Victor and Penny are performing at Sunday’s Concert Against Campus Carry.
Victor and Penny are performing at Sunday’s Concert Against Campus Carry.

After he agreed to participate in the Concert Against Campus Carry, Barclay Martin gave the issue of firearms and gun violence some considerable and deliberate thought.

The concert has been organized by Rabbi Moti Rieber, the executive director of the Kansas Interfaith Action in Lawrence. It was motivated by legislation that, as of July 1, 2017, will allow students at all six state universities and dozens of community colleges in Kansas to carry concealed weapons on campus.

The concert is part of a larger series of music events that will take place Sunday in conjunction with the Concert Across America to End Gun Violence. More than 350 events will be held in nearly four dozen states, plus a show in London. The flagship U.S. show is in New York, where Jackson Browne, Rosanne Cash, Marc Cohn and Eddie Vedder will perform at the Beacon Theatre.

The Barclay Martin Ensemble will perform at Liberty Hall in Lawrence along with Victor & Penny and the Lawrence band Minimal Animal. The show begins at 7 p.m. Tickets are $20. Proceeds go to the campaign against the concealed carry legislation.

Other local performances have been scheduled, including a free show at the American Jazz Museum, featuring Lisa Henry, AZ-ONE and others.

Martin wrote a song for the occasion, but it addresses a perspective beyond gun legislation, an issue that arouses passions on both sides.

“The first thing to be recognized, for me, is that so many people are losing their lives to gun violence,” he said. “That was the real motivation. Those are the facts, and I believe it’s important to recognize that.

“I spent a lot of time thinking about the whole conversation about gun violence and honoring the Constitution. One of the things I think that is increasingly polarizing in this political climate is there seems to be only a place at the extremes.

“What makes the most sense to me is that, at the root of it, a lot of people are afraid on both sides. And I get that — that people feel threatened and want to protect their homes and their families and possessions and want the ability to defend themselves. I think it’s important to recognize the fear that motivates that.

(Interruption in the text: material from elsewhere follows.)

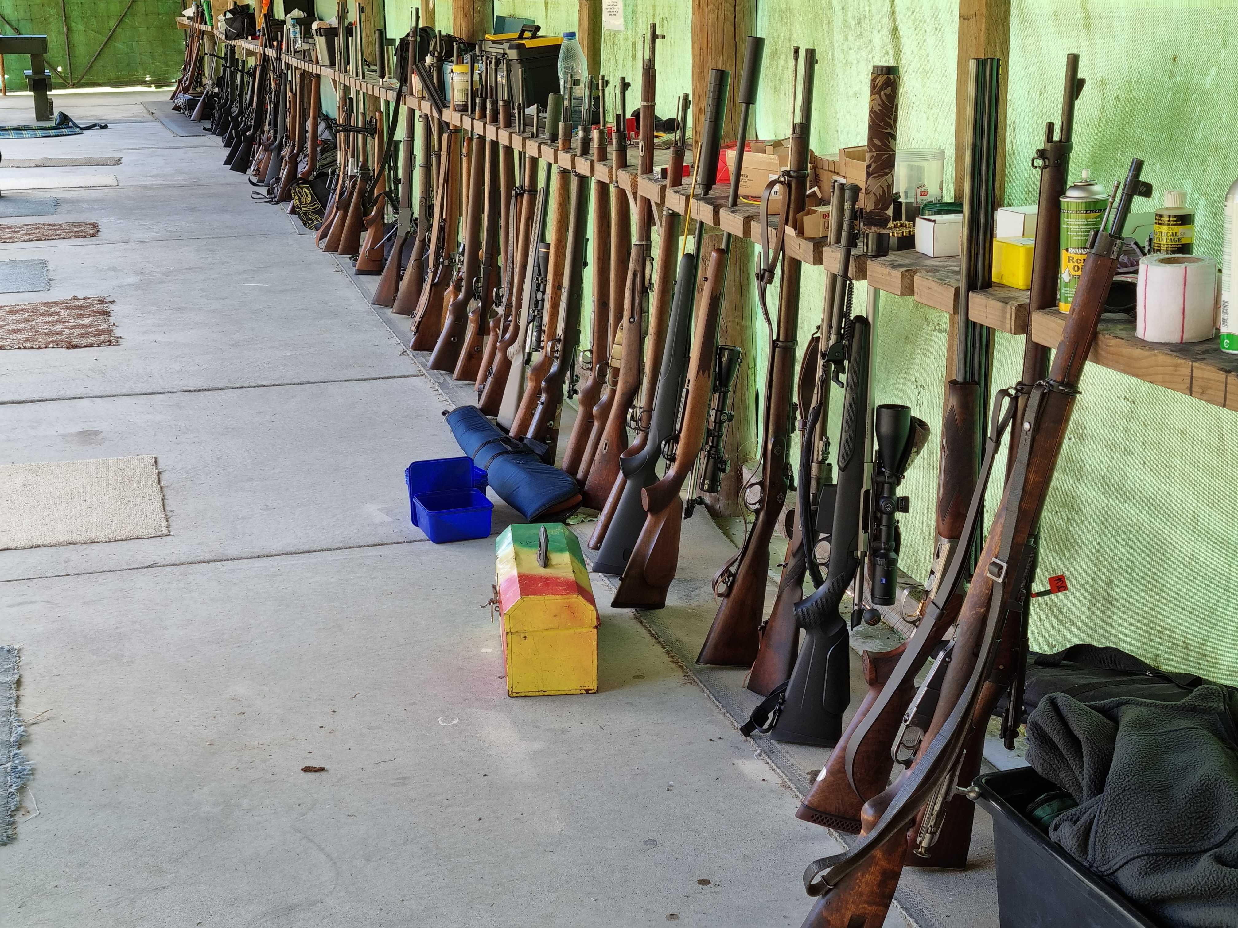 The full array of firearms at a military rifle range day for just twelve shooters

“On the other side, people feel uncomfortable with weapons around. They don’t feel safer, they feel threatened by them. That is also, at its root, fear. What I’ve realized is that these two groups, as their passionate words are flying, are motivated by the same thing: fear.”

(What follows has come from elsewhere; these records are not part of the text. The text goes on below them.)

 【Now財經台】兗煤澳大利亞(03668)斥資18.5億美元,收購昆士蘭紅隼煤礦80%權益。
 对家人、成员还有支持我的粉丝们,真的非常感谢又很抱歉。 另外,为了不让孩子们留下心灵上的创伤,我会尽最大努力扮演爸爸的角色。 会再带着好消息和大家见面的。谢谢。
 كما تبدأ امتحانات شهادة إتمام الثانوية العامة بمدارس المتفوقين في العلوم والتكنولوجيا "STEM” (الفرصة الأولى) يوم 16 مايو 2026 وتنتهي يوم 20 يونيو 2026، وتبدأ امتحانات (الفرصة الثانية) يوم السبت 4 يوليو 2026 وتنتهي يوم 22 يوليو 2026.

The song is called “Silencer,” and at the heart of its message is how fear is such a primary and polarizing component in the debate.

“This can be an intimidating conversation for me, and as I was approaching it, I asked myself why it felt so intimidating, why I felt so threatened simply by saying: ‘We are killing each other and the loss of human life is tragic no matter where you stand on the issue.’ So we should all ask ourselves, ‘Can we do better as a society?’

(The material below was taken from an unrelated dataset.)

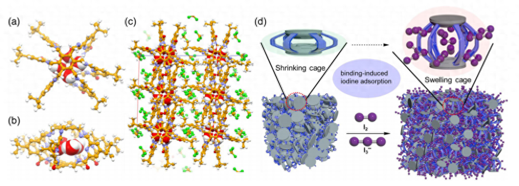与多孔材料相比,非多孔材料往往被认为吸附性能很差、甚至不具备吸附能力。直到 21 世纪初,人们才逐渐发现某些具有结晶性的非多孔材料(即非多孔晶态材料),对一些特定的客体分子也具有一定的吸附能力。这类基于大环或分子笼的分子材料,被称之为非多孔自适应性晶体材料。虽然这类材料具有易于规模制备、溶液加工性好、重复利用性高等特点。但是与多孔材料相比,它们对目标客体分子的吸附量小、吸附速率慢,特别是在水溶液中的吸附性能不理想。因此,人们依然普遍认为,非多孔吸附材料在吸附容量和吸附速率等方面依然无法与多孔吸附材料,特别是无法与高性能多孔吸附材料(比如气凝胶)相媲美。

“A lot of people may feel threatened by the presence of firearms, like me. I’m not comfortable around guns. But I recognize they’re part of the Constitution. I get that, and it’s important to honor that. But I also think a lot of people are intimidated by this conversation so they say nothing and do nothing.

“So the lyrics of the song express how violence silences everyone, whether it be silenced through being subjected to the violence or silenced by your fear of speaking up.”

If there is a middle ground in the issue, Martin said, it should be recognition that too many people are dying and that reducing deaths by firearms ought to be a common goal, one reached through civil debate.

“We need to recognize the humanity on both sides of the issue and recognize the reasons why this is such a passionate issue,” he said. “Both sides are afraid of something really fundamental. And it should be addressed respectfully and in the spirit of understanding each other as we express our opposing opinions and fears.”

Timothy Finn: 816-234-4781, @phinnagain


The Concert Against Campus Carry begins at 7 p.m. Sunday at Liberty Hall, 644 Massachusetts St. in Lawrence. The Barclay Martin Ensemble, Victor & Penny and Minimal Animal will perform. Tickets are $20 through A student discount is available. Proceeds go to the Kansas Interfaith Action campaign against campus concealed carry legislation.